Así lo ven desde el enfoque corporativo. Por su parte, los mensajeros, que ganan alrededor de 40 pesos por viaje, aportan otro punto de vista. Misael Ubieda tiene 22 años, es ingeniero industrial y llegó desde Venezuela hace dos meses. Trabaja en la entrega de pedidos exprés unas diez horas por día, pedaleando por toda la ciudad. "Una vez me pidieron tres caramelos. Creí que era una broma. Pagaron más por el costo del servicio que por el producto. Me parece que aquí la gente es un poco floja. No le gusta salir y comprar. Si otro puede hacerlo por ellos, bienvenido".

Fuente: LA NACION - Crédito: Silvana Colombo

Sin embargo, algunos de los usuarios confiesan haber utilizado el servicio por razones de seguridad. Cecilia Conde es periodista y dirige el emprendimiento La Cápsula. Perdió el documento en la calle la semana pasada, y recibió un mensaje por Facebook de una persona que le decía haberlo encontrado, y que lo podía pasar a buscar por su casa. "Me daba cosa ir yo hasta la casa del pibe. Le agradecí que se haya tomado el trabajo de escribirme y mandé una moto de Glovo. Era cerca de mi casa, y por 40 pesos recuperé mi DNI y zafé de todos los trámites".
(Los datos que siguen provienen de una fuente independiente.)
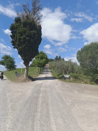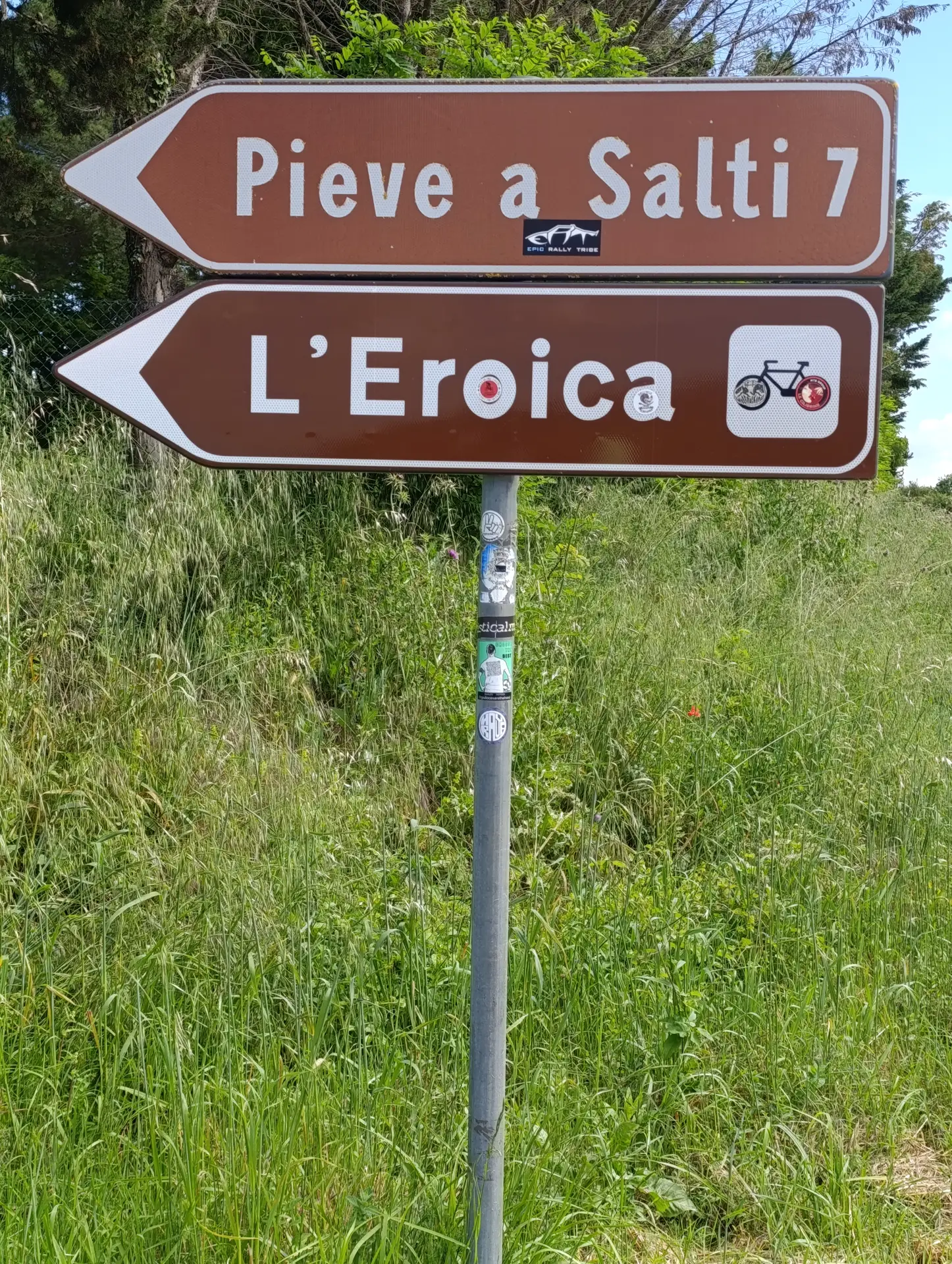 Wir begannen unseren Tag auf der berühmten L’Eroica. Nach ein paar Schnappschüssen rollten wir endlich auf einer echten “Strada bianca” durch diese wunderschöne Gegend. Es ist wirklich so schön, wie immer alle sagen. Nach einer kleinen, aber feinen Pause in Buonconvento, wo wir in einer Bar direkt am historischen Stadttor saßen, ging es weiter durch eine zauberhafte Landschaft, vorbei an Schildern der “Via Francigena Gravel”.
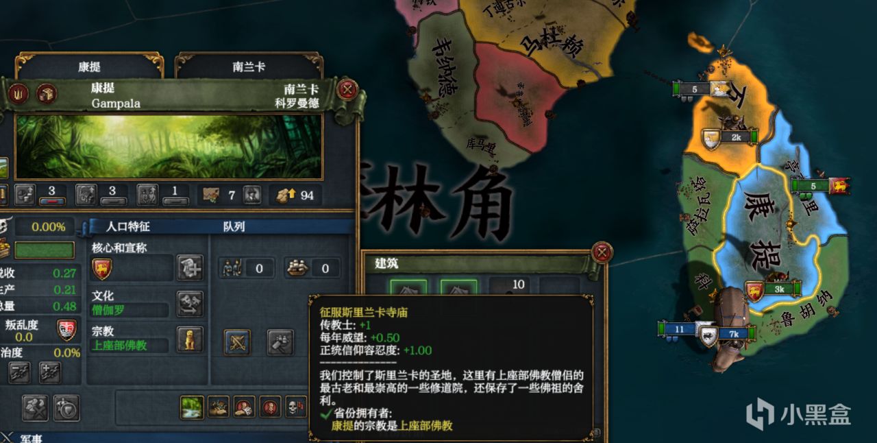非欧陆风云4玩家估计都没有听说过康提这个小国,康提在这里: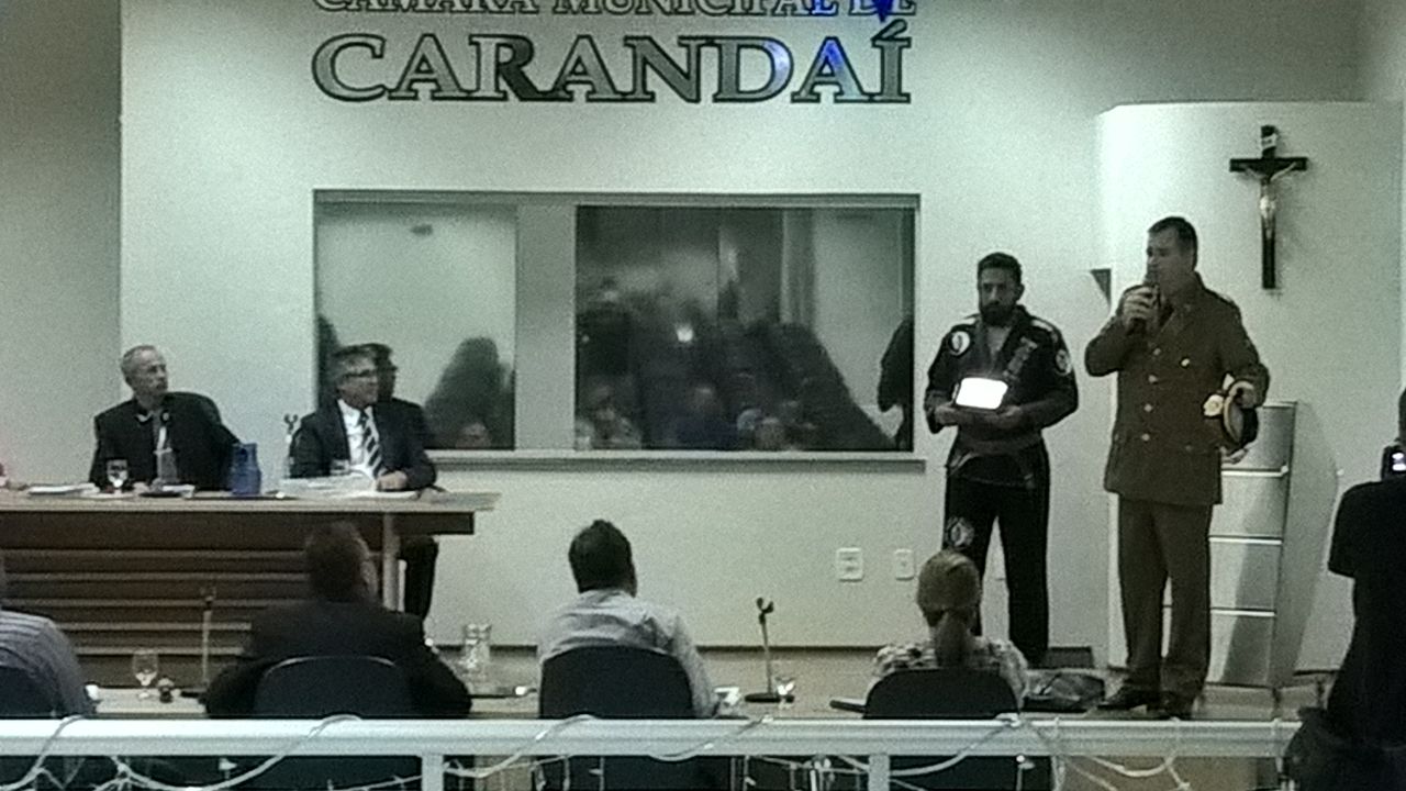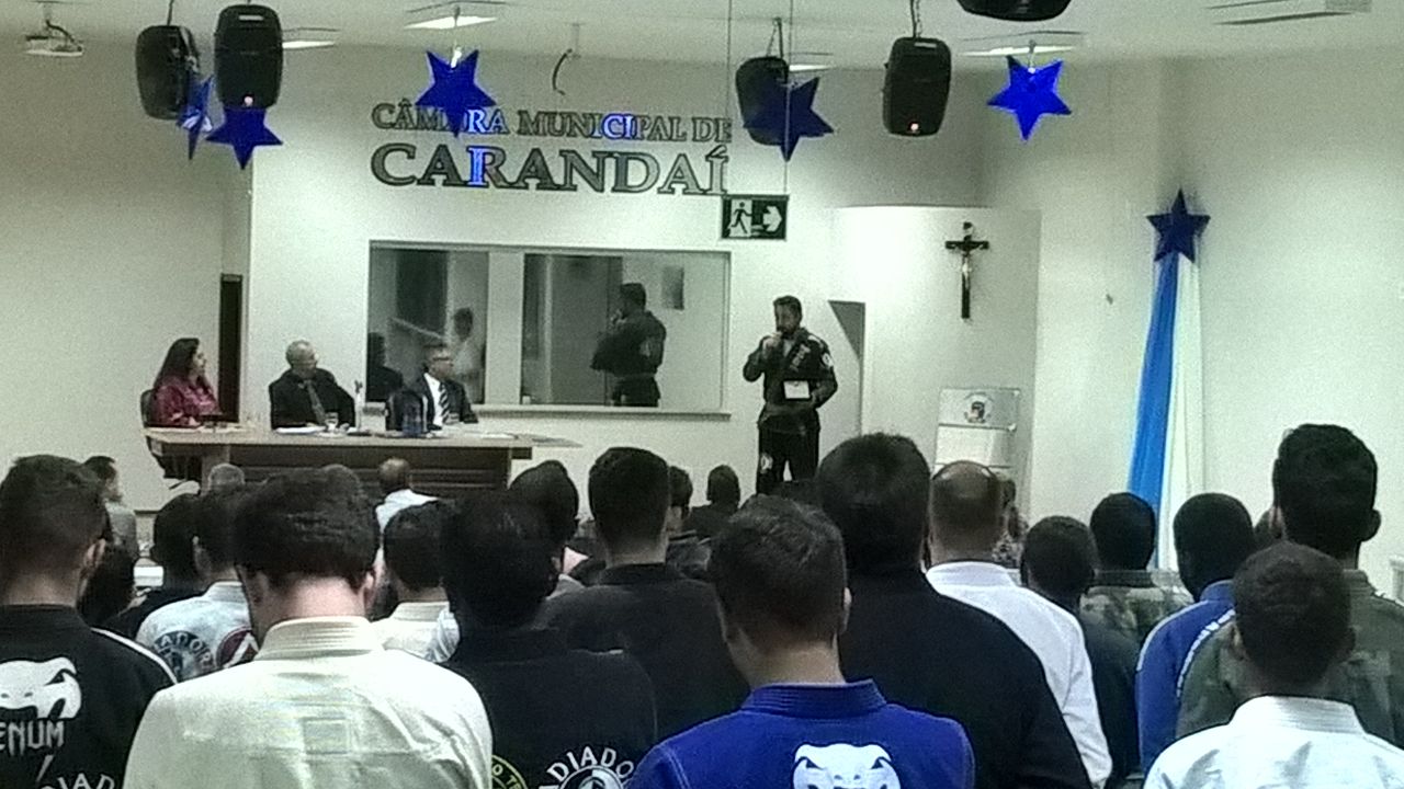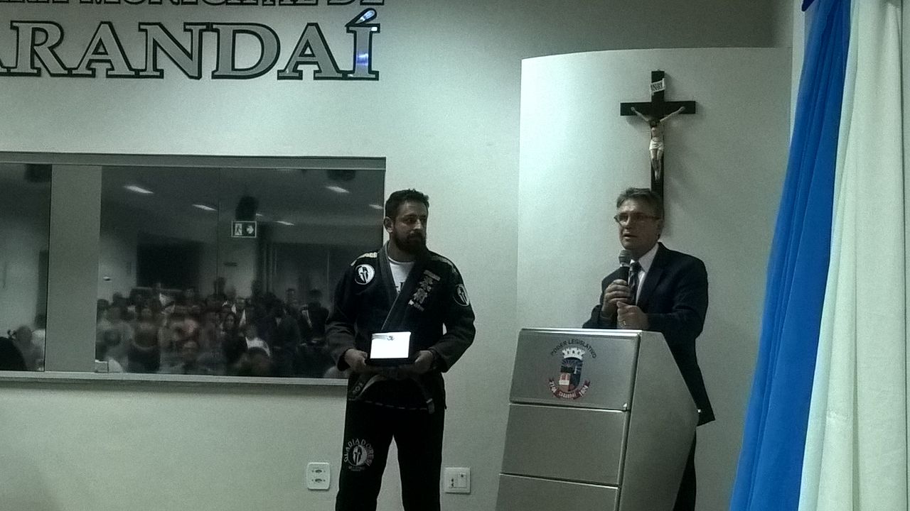 Com muitos aplausos de seus “ Gladiadores”, forma como costuma chamar seus alunos de Jiu Jitsu, o professor agradeceu a homenagem e pediu um maior apoio aos vereadores na próxima administração para o esporte na cidade, lembrando os custos de se manter uma academia e principalmente de participar de várias competições pela região como é de costume de seus alunos.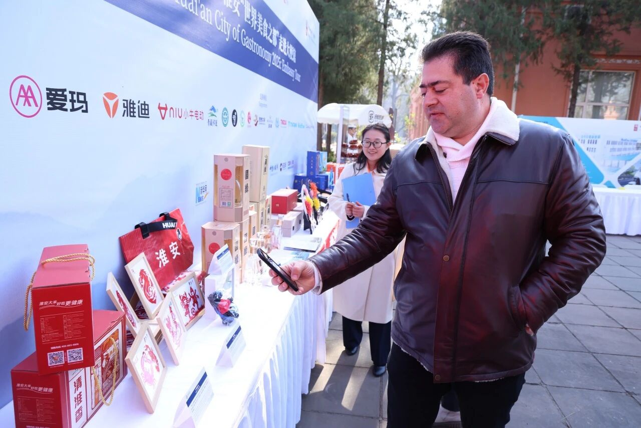 在淮揚菜集團展區(qū)內,不僅帶來了淮安菊雕、剪紙等非物質文化遺產展示,更集中呈現(xiàn)了淮鹽、芡實、淮揚老雞湯、今世緣白酒、盱眙十三香龍蝦等優(yōu)質淮安好物,大使館的嘉賓們饒有興致地駐足觀看交流。

Rappi opera en Argentina desde marzo de este año, y entre sus verticales más importantes están los restaurantes y supermercados, que representan el 80% de las órdenes mensuales. Sin embargo, el rappifavor -asegura Russo- crece mes a mes desde su lanzamiento. Lo mismo sucedió en otras ciudades del mundo, donde las empresas de mensajería traspasaron las fronteras del delivery gastronómico para solucionar todo tipo de problemas cotidianos.

Glovo fue creada hace tres años por un joven emprendedor, Oscar Pierre, de apenas 24 años, que confesó en una entrevista reciente al diario El País las demandas más curiosas que recibieron en los últimos meses: "llevar la plancha a reparar; algo que termine con la resaca; una prueba de embarazo; una muñeca inflable o que por favor toquen el timbre de la casa para despertar a un marido con sueño profundo".

Uno de los pedidos más delirantes lo aporta Russo, y sucedió en Colombia. "Nos pidieron un rappifavor para jugar a la Playstation en un partido de cuatro jugadores".